Last year a brave soul did a hatching journal on here to keep track of moisture loss. He carefully weighed each egg to record weight loss, thinking to adjust the humidity to get it right. The weight loss per egg was way different. There was no way he could hit the perfect humidity for each egg. The only way to do that was to take an average of all the eggs and try to get it close for as many as he could.
The good news out of all this is that there is a pretty wide band of humidity where the eggs have a good chance of hatching. You don’t have to get the humidity perfect for each egg. As long as you are close you can be pretty successful. You need to determine what humidity works for you and that comes with trial and error.

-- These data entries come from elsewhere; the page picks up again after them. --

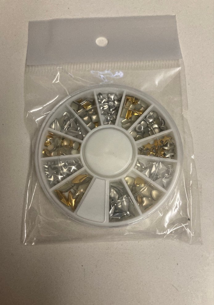 Çeşitli şekillerde altın ve gümüş tırnak süsleri, kolay kullanım için yuvarlak kutuda düzenlenmiştir. ✨
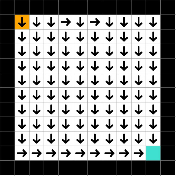 This policy is far more robust than the single plan found by the search algorithm. If the agent were dropped into any empty square, it would instantly know the best direction to move to reach the goal.
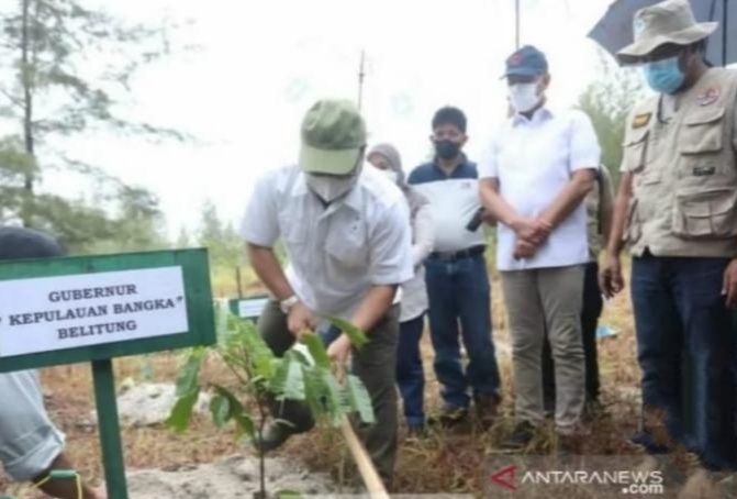 PANGKAL PINANG – Komisaris Utama PT Indonesia Asahan Alumunium (Inalum) Letnan Jenderal (Letjen) TNI (Purn) Doni Monardo meninjau sekaligus menanam pohon di lahan bekas tambang bijih timah di Kabupaten Bangka, Provinsi Kepulauan Bangka Belitung (Babel).

My suggestion is to do the best you reasonably can, select a target humidity and try to stick with it. After the hatch is over open any unhatched eggs and try to determine why it did not hatch. That’s not real easy, by the way. There are a huge number of reasons an egg may not have hatched. Just do the best you can then try tweaking the incubator to see if you can improve on your hatch rate.
For what it is worth, the commercial operations hatch about 90% of the eggs they put in the incubator. About half their failures are due to something that happened before the egg went in the incubator; fertility, how the egg was handled, health and nutrition of the parents, dirty eggs, things like that. About half the failures are due to the incubation process; heat, humidity, improper turning, not good fresh air exchange, something like that. With them hatching 1,000,000 a week their averages mean something. With the number of chicks I hatch my average doesn’t mean a lot. I’ve had 100% hatches and I had one that was only 33% due to me improperly transporting the eggs. I sure learned something from that incubation.
Good luck. Lots of us make mistakes and a few of us actually earn from them.